Date of Award

5-2014

Level of Access Assigned by Author

Campus-Only Thesis

Degree Name

Master of Science (MS)

Department

Chemical Engineering

Advisor

Joseph Genco

Second Committee Member

Douglas Bousfield

Third Committee Member

Hemant Pendse

Abstract

Yield stress provides a good indication of the network strength of pulp suspension and is important in the design and operation of paper machines. Yield stress is defined as the shear stress required for flow to take place within a particle suspension and is measured by a variety of techniques. Consequently, literature data are often not in agreement. The objective of the thesis was to thoroughly characterize a broad range of pulps using standardized techniques in an effort to elucidate the fundamental fiber properties that contribute to network strength.

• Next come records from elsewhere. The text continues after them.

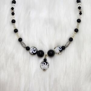 Elevate your style with this elegant black and white glass beaded necklace. This stunning piece features a combination of black, clear, and white beads, with silver tones accents adding a touch of sophistication to any outfit. The necklace is perfect for various occasions and is a great addition to any jewelry collection.
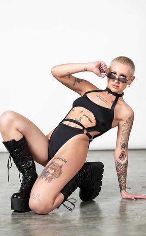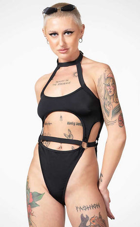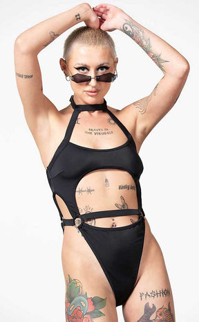 Look damn hot and make jaws drop in the Wendy Swimsuit! This sexy one-piece features statement straps, O rings, and an adjustable choker neck. The soft nylon blend stretches for a comfort fit and the chest secures at the back with a snap closure.
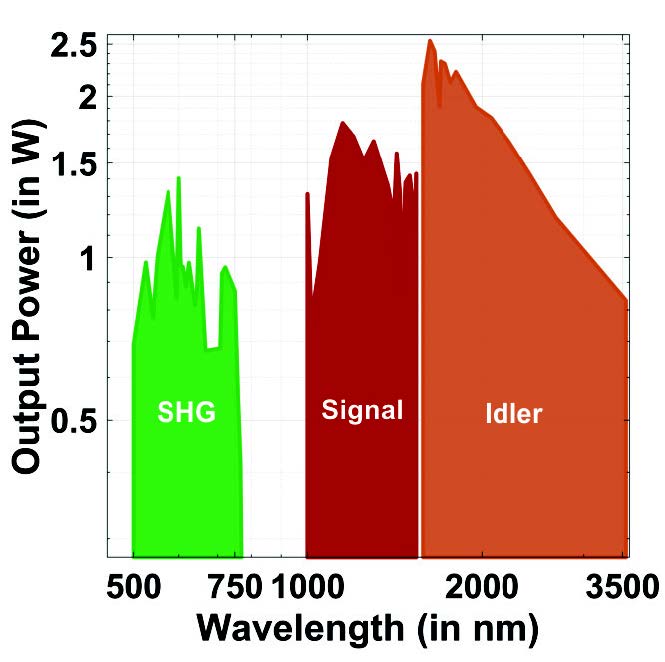 C-WAVE GTR通過兩種非線性過程實現(xiàn)510 – 750 nm, 1020 – 1500 nm, 1.7 – 3.4 μm超寬波段輸出:
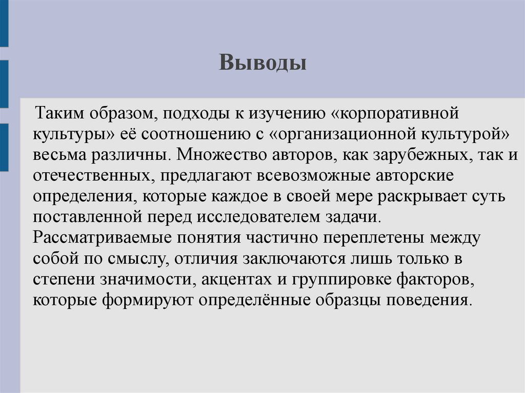 ВыводыТаким образом, подходы к изучению «корпоративной
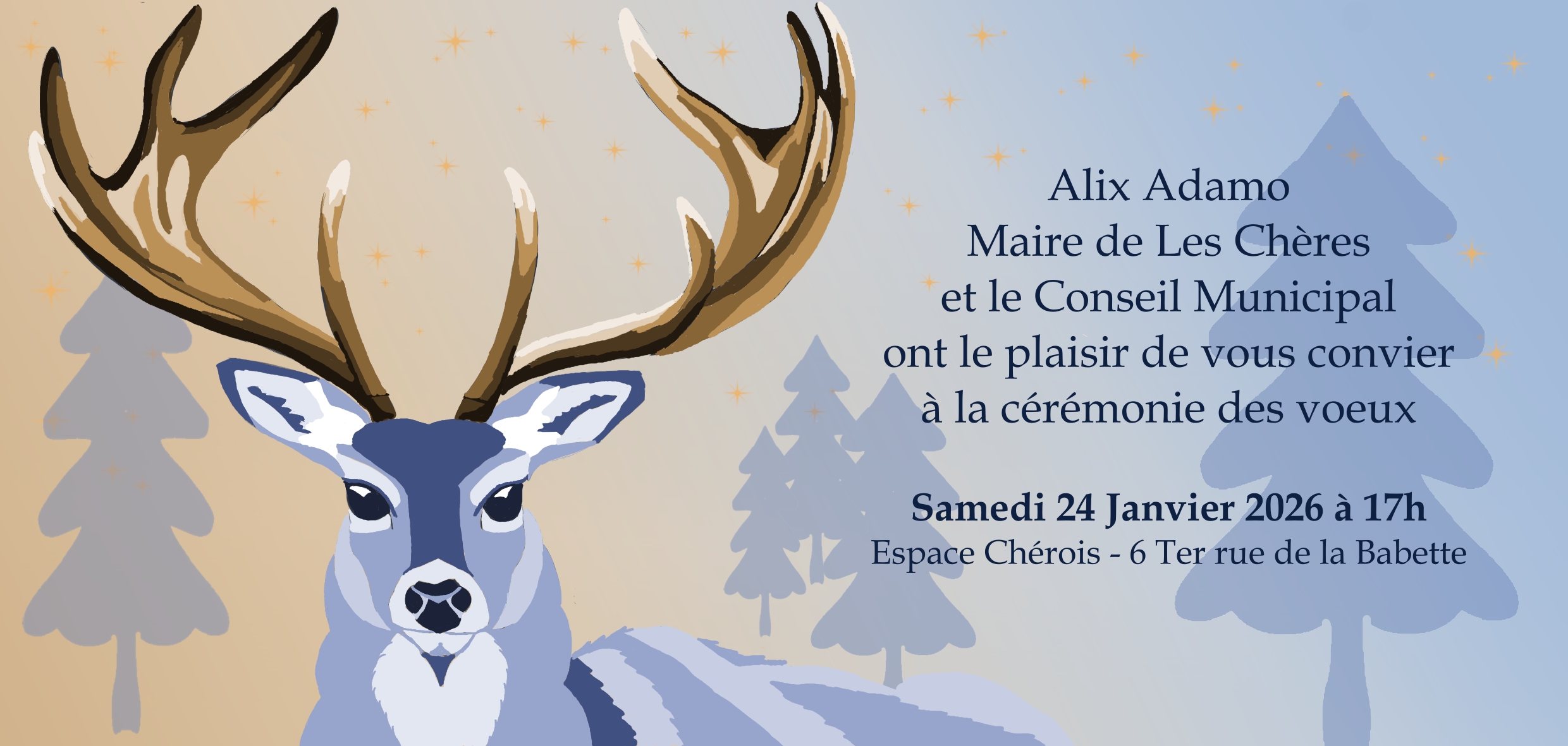 CEREMONIE DES VOEUX 2026 LES CHERES 24 JANVIER 2026 + Ajouter à mon Agenda Google + iCal / Outlook export 00 jours 00 heures 00 minutes 00 secondes Date Jan 24 2026 Heure 5:00 pm Partagez cet événement RechercherRechercher
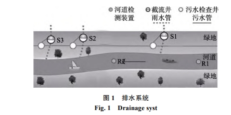 本次研究區(qū)域為日市主城區(qū)內的部分河段全長 310m,南北走向,地處亞熱帶區(qū)域,年降雨量在1400~2 000mm,最大徑流量出現(xiàn)在5至9月。河寬為 20~30 m,河道平緩,流速低,河道常水位 3.0 m,水深常年穩(wěn)定在 1.5 m左右,河道東岸人口密集,以住宅區(qū)和餐飲行業(yè)為主。河道東岸沿河鋪設截污管道,東岸管徑800mm,管道流向由北向南。雨水管由市區(qū)內通向河道,通過管道末端設置截流井連接河道排口,見圖1。
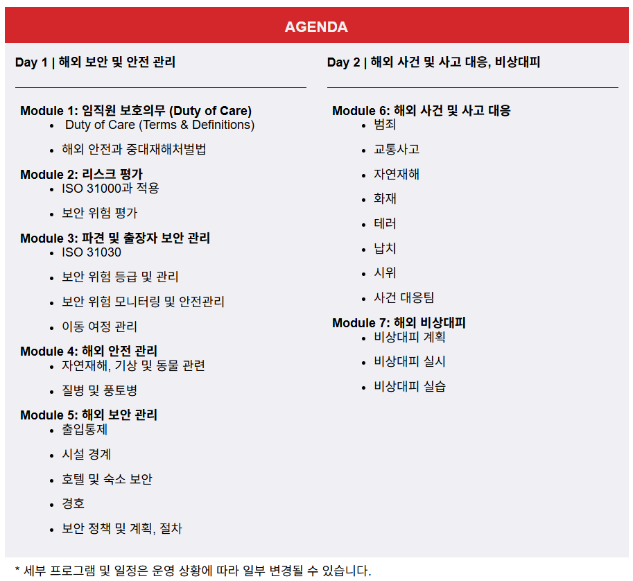 - 주제: 해외 사업장 및 파견자 안전·보안 실무교육 2일 집중과정
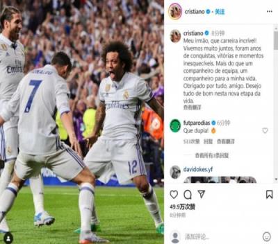 C罗祝福马塞洛:我们不仅仅是队友,也是一生相伴的伙伴
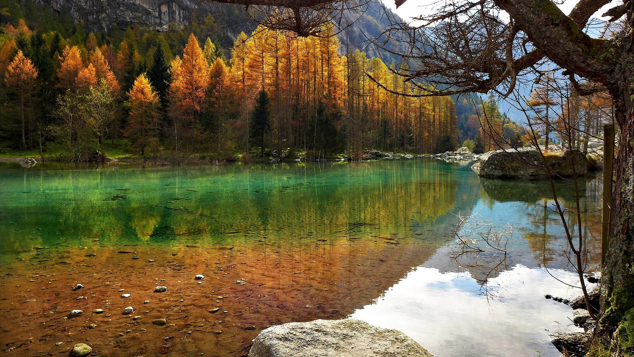 Edytor tapety: Jezioro, Las, Góry, Jesień

To meet the objective of this study, yield stress was determined for twenty-five industrially important pulps of varying furnish type and origin. Each pulp was fully characterized by measuring its average fiber length, its width, aspect ratio, coarseness or mass per unit length, and the number of kinks and level of curl in the fibers. Industrially important pulp properties were also measured and included water retention value, pulp freeness, and fine particle and ash content in the samples. The effects of process conditions such as pulp mixing and refining were also explored in controlled trials. Lastly, a generalized correlation was developed that relates yield stress to key fiber physical properties.

Fiber length was found to be the most important fiber physical property contributing to network strength, and was likely due to the fact that longer fibers form an increased number of inter-fiber contacts in the suspension. Of the fiber lengths measured, the weight-weighted fiber length was found to correlate most strongly with the increase in yield stress, which suggests that the longer fibers in suspension are contributing most heavily to the overall strength of the fiber network. The fine particles in suspension were shown to provide a negligible contribution to the overall strength of the fiber network, as they are too small to contribute significantly to the necessary inter-fiber contacts. An increase in fines content therefore results in a considerable reduction in network strength at a given mass consistency.

The yield stress of hardwood and softwood Kraft furnishes mixed in various proportions was shown to display an ideal mixing relationship, in which the resulting yield stress was simply the weighted average yield stress of the two pulps mixed together. The mixtures of thermomechanical pulp and softwood Kraft did not exhibit ideal mixing. Rather the resulting yield stress was more strongly influenced by the addition of softwood Kraft. High intensity refining was found to result in a decrease in yield stress when compared to low intensity refining. This observation was attributed to fiber shortening and loss of fiber stiffness during the high intensity refining.